Looking up at the stately public buildings from the first half of the 20th century, what strikes onlookers most are the sculptural and architectural elements that lend the final touches to the atmosphere these buildings create.
But whose are the ornaments on the facades of the buildings of the National Library, Sofia University, the National Theatre, the National Assembly, the Palace of Justice, the Bulgarian National Bank? We find the answer in an exhibition that takes us back in time.
The embassy of Ukraine with the Union of Architects mounted an exhibition of pictures by Ukrainian artist Yulia Krasovska who uses the power of water colour to reveal the original beauty of Bulgarian buildings in tribute to her fellow countryman Mikhailo Parashchuk who crafted the ornaments on them. Next to her works photographs present the sculptural and architectural elements created by the Ukrainian sculptor.
“I come from Ukraine and have been living in Bulgaria for four years, but Mikhailo Parashchuk was a revelation to me,” says Yulia Krasovska. “When last year I saw the exhibition mounted by the Ukrainian embassy dedicated to Parashchuk I tried to find more information about him. And as I have also worked as an architect I was fascinated by the history of the old buildings, their architectural characteristics and I wanted to present my own view of them in pictures. The legacy he has left us is monumental because each one of the buildings carries his hallmark, his sense of detail. To my mind he is a unique sculptor who has decorated Sofia’s most important buildings.”
Mikhailo Parashchuk was born in 1878 in the village of Varvaryntsi, at the time within the bounds of the Austro-Hungarian Empire. At the age of 13 he went to the art school in Krakow, and at 20 he sculpted one of the most beautiful monuments to Adam Mickiewicz in Europe, and with the help of patrons of art, enrolled in a private art academy in Paris. There the inimitable Auguste Rodin took him on as a student in his studio. In 1921 Mikhailo Parashchuk came to Bulgaria as a representative of the Red Cross.

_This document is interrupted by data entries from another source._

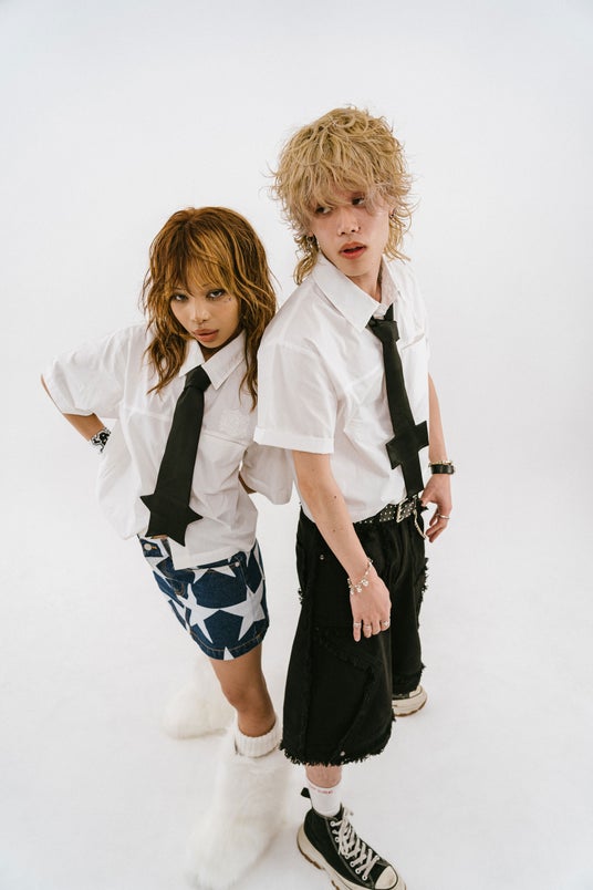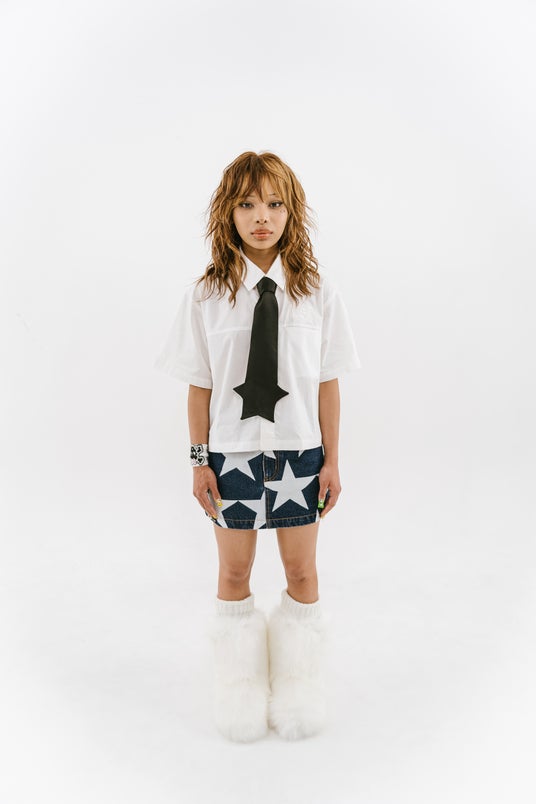 SKULL RED:SEVNS立ち上げのきっかけになったとも言える、この星型のネクタイ”Star tie”が僕らの中でキーアイテムとしてあったので、「ネクタイを着けるとなるとスーツではないけど、シャツの感じがいいから、スクール系とかどうかな?」という話になりました。
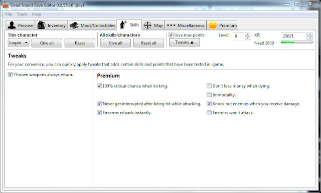 - Lifted skill point limits a bit for the free edition. The original limit was 1 to 3, which is the same as in-game. Now, it's original max ± 7. That means -8 to +8 (1-rank skills) or -10 to +10 (3-rank skills). That should be enough to manually make up some of the premium tweaks with a little effort. :)
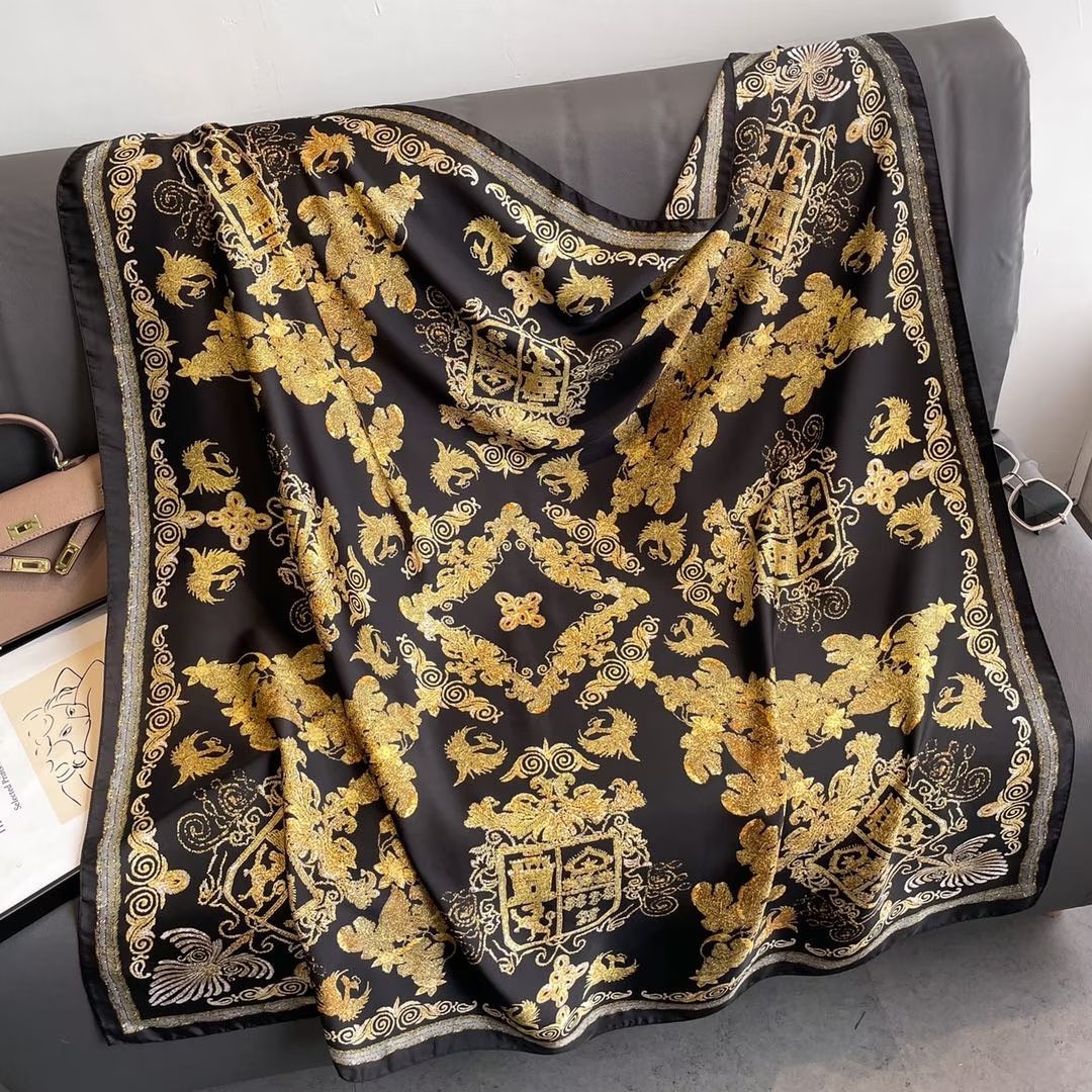 새로운 블랙 골드 프린트 대형 스퀘어 스카프 110cm 리 브로케이드 새틴 스퀘어 스카프 숄 여름 여성 자외선 차단제 스카프스토어 가기
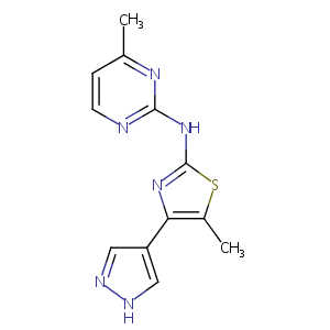 InChI=1S/C12H12N6S/c1-7-3-4-13-11(16-7)18-12-17-10(8(2)19-12)9-5-14-15-6-9/h3-6H,1-2H3,(H,14,15)(H,13,16,17,18)
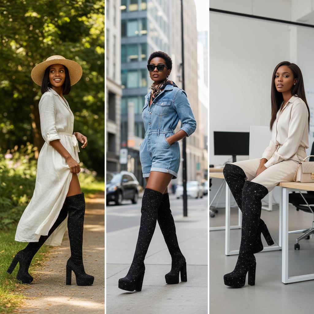 Size & Fit: The thigh-high silhouette reaches a boot height of 20 inches (50.8 cm), perfectly complementing dresses for upscale events. Available in various sizes to accommodate all your fashion needs, ensuring a great fit for your chic outings.
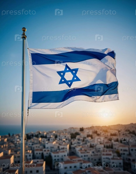 Израильский флаг. просыпается на ветре, с синими и белыми полосами и звездой Давида в центре. ощущение движения и энергии. генерируется ИИ
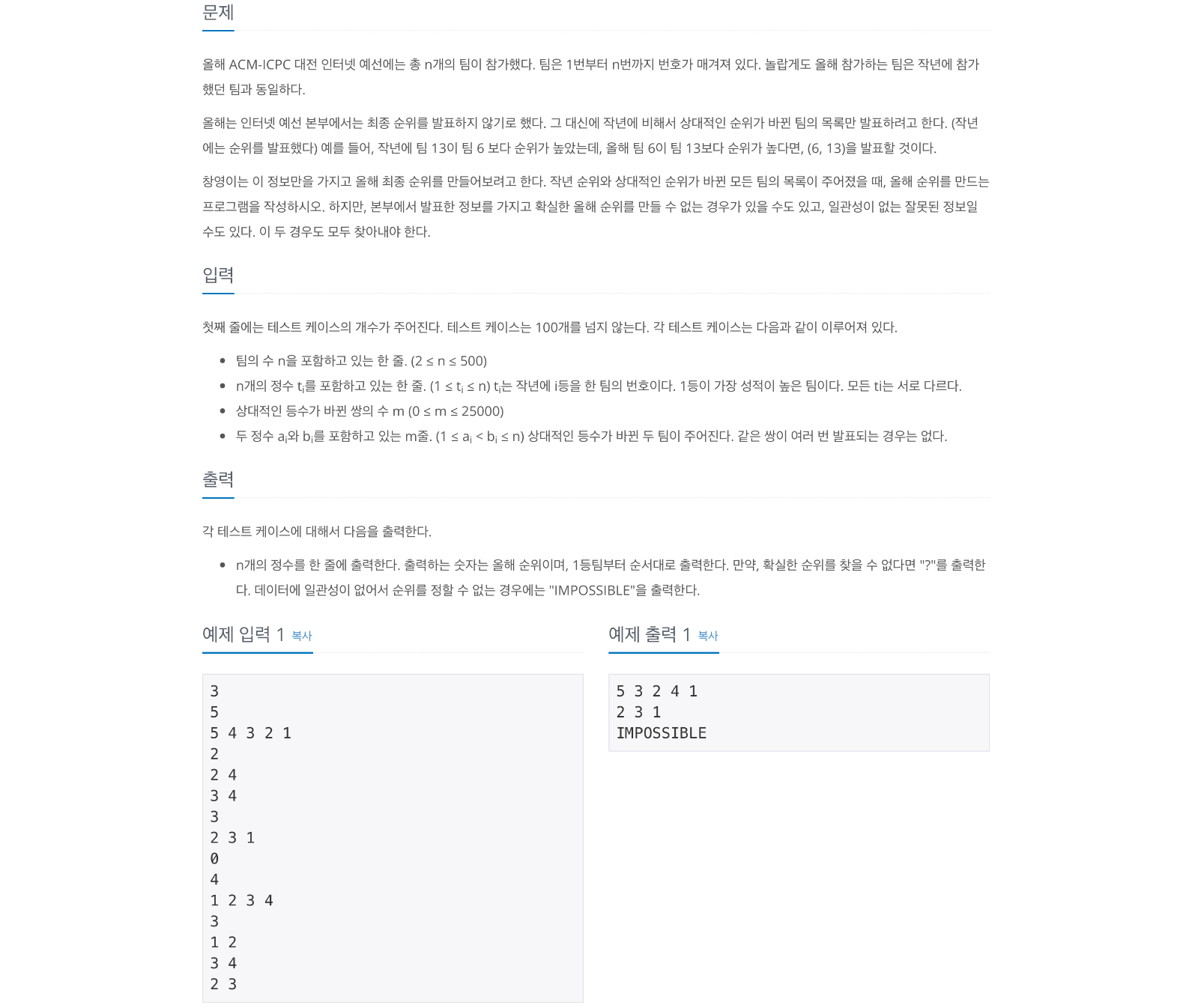 문제 링크입니다. https://www.acmicpc.net/problem/3665

“He was a versatile person with extensive knowledge in the sphere of political, public and economic life,” says Anna Tertichna, Deputy Ambassador of Ukraine to Bulgaria. “In the 1920s he directed his efforts towards extending contacts between Ukraine and Bulgaria. His work for the Red Cross helped many prisoners of war after the end of World War I, improving their life in Bulgaria, but also in neighbouring Serbia and helping them return home. He also called for better conditions for the adaptation of the people who did not want to return to Ukraine after the Bolshevik occupation. And when he found out that the Ukrainian government had been exiled he wrote in his diaries that his own road back to his home country was cut off as well. Interestingly, he had no citizenship – Bulgarian or Soviet – until the end of his life. As political systems changed he was invariably persecuted, the target of restrictive measures. And though he had talent, he was always surrounded by friends, but also by people who envied him. And so it came to be that a man who, at the start of his life, occupied an enviable social position by his own efforts and talent, ended his life in penury.”
In Bulgaria the sculptor created sculptures of Peyo Yavorov, Gotse Delchev, Stefan Karadzha, bas-reliefs of Hristo Botev and Aleko Konstantinov. He created the decorative elements with lions, the zodiac clock and the capitals of the National Bank, the ornamental frames of the ceremonial doors of the Palace of Justice, the ornamental cartouches above the entrance of Sofia University, as well as the architectural design of a host of emblematic buildings.
Though brilliant in his work, after the communist coup of 9 September, 1944 in Bulgaria, he was subjected to repressions and twice expelled from the Union of Bulgarian Artists.
Mikhailo Parashchuk lived out the last days of his life destitute and forgotten. He died in 1963 and lies buried in the Central Sofia Cemetery.